[RECORD EXCERPTS]:
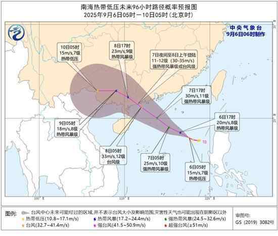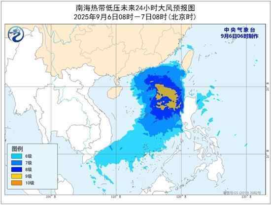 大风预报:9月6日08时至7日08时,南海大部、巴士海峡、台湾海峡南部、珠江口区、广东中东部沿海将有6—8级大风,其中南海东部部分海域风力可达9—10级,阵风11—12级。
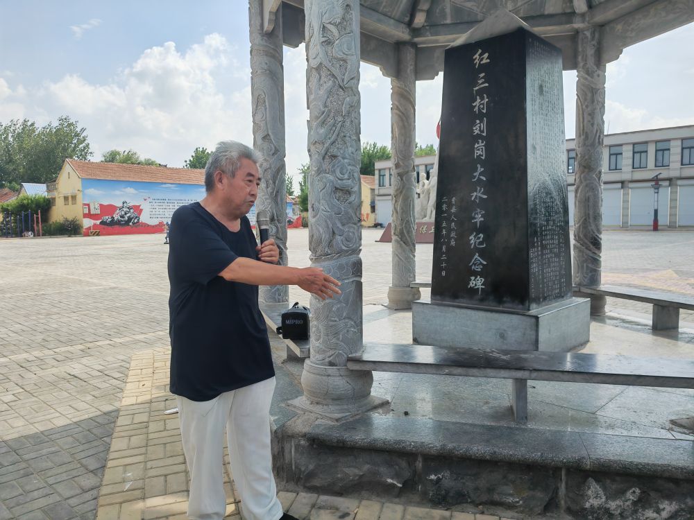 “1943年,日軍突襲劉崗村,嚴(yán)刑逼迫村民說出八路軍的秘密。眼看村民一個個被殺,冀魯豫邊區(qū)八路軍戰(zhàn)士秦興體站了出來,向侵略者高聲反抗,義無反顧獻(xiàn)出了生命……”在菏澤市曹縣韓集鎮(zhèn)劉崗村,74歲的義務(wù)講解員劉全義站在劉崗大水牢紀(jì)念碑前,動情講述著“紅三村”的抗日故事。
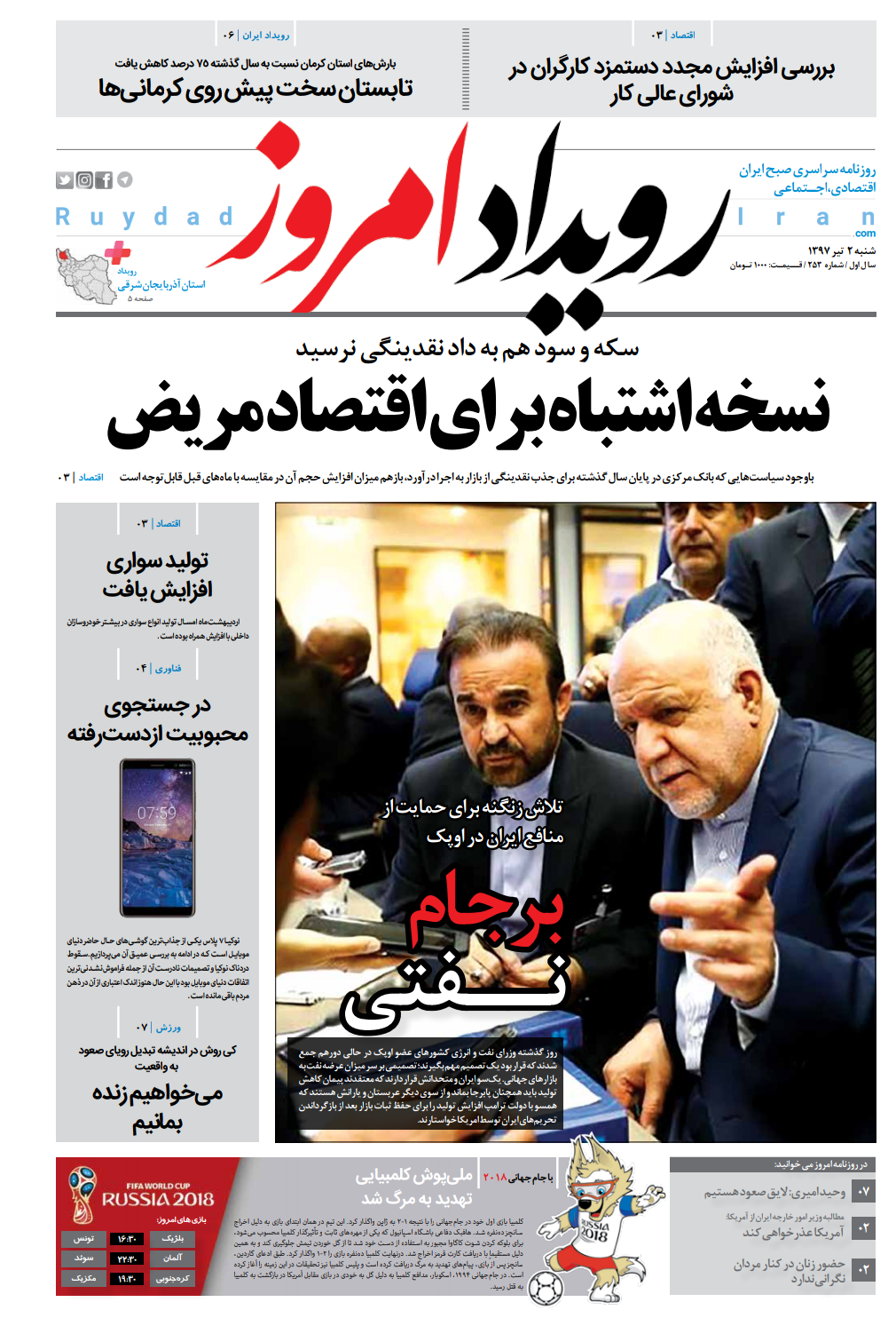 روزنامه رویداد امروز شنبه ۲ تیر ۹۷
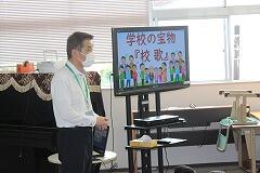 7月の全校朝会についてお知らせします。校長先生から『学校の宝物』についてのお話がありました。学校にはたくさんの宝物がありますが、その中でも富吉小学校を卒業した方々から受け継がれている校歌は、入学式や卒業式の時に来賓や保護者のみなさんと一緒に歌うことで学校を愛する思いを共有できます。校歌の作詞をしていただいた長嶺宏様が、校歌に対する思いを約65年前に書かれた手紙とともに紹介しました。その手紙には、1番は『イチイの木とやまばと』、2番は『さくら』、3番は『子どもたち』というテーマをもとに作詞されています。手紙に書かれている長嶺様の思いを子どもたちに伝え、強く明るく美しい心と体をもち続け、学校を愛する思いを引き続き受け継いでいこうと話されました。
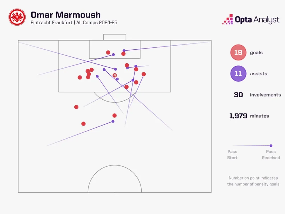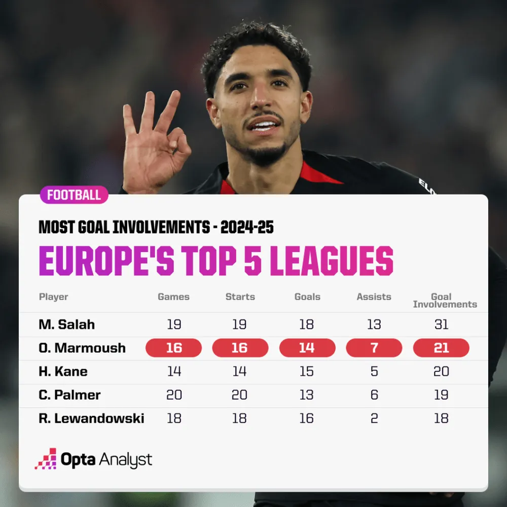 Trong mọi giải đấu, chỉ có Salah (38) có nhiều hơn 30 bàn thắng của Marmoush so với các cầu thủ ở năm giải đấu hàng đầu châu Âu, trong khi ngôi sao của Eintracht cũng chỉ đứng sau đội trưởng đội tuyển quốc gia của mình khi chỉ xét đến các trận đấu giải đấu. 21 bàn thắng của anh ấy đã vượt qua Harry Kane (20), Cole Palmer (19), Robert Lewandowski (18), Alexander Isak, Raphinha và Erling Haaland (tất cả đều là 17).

---

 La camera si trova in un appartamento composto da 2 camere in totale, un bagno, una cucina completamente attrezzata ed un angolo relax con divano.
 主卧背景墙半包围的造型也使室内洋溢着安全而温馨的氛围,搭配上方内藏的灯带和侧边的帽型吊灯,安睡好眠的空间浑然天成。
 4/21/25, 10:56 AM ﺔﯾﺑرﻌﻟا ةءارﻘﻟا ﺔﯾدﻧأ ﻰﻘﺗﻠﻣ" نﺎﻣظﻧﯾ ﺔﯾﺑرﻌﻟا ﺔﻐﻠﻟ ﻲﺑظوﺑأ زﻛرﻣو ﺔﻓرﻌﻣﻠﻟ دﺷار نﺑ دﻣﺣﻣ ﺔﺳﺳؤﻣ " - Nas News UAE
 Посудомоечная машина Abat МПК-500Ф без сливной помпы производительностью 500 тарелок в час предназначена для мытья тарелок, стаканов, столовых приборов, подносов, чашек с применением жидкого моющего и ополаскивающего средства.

* * *

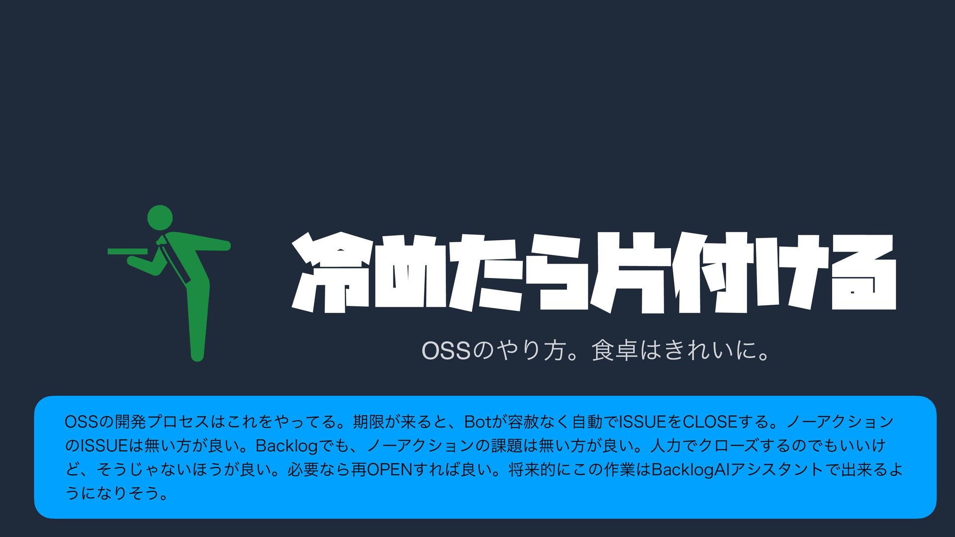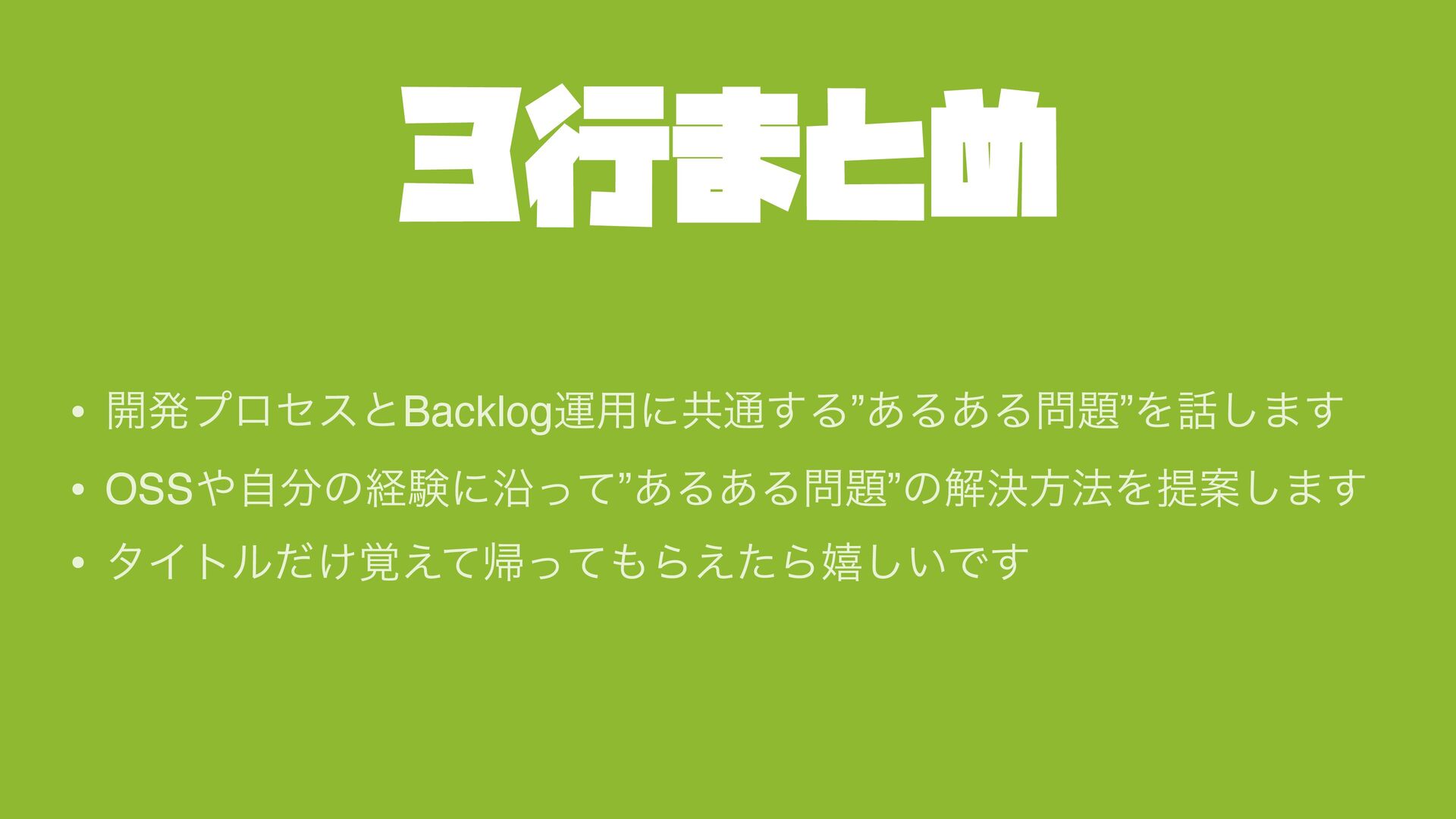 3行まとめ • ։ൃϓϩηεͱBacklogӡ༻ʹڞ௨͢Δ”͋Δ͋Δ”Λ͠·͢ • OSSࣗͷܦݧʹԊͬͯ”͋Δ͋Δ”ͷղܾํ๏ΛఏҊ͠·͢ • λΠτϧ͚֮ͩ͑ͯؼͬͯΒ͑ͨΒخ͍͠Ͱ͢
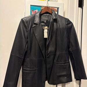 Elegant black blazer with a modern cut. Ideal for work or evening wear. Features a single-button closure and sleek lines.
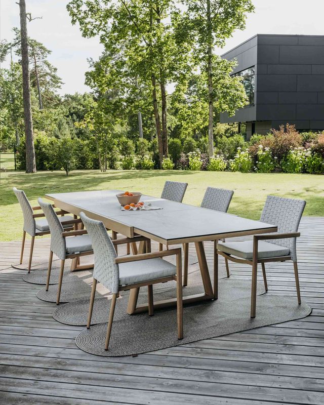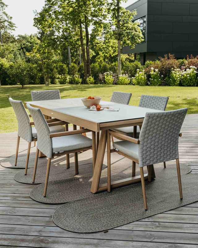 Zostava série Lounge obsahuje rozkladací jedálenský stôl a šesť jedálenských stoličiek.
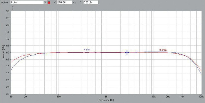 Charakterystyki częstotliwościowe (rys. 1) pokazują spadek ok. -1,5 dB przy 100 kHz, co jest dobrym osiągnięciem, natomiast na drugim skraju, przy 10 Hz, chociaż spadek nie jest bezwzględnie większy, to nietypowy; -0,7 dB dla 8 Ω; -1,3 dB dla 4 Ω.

[WHAT YOU HAVE TO DO]:
Everything from the line above that contains "Zostava série Lounge" down to the line that contains "Charakterystyki częstotliwościowe (rys." must be reproduced exactly, both ends included. Omit the pictures.

[TASK RESULT]:
 Zostava série Lounge obsahuje rozkladací jedálenský stôl a šesť jedálenských stoličiek.
 Charakterystyki częstotliwościowe (rys. 1) pokazują spadek ok. -1,5 dB przy 100 kHz, co jest dobrym osiągnięciem, natomiast na drugim skraju, przy 10 Hz, chociaż spadek nie jest bezwzględnie większy, to nietypowy; -0,7 dB dla 8 Ω; -1,3 dB dla 4 Ω.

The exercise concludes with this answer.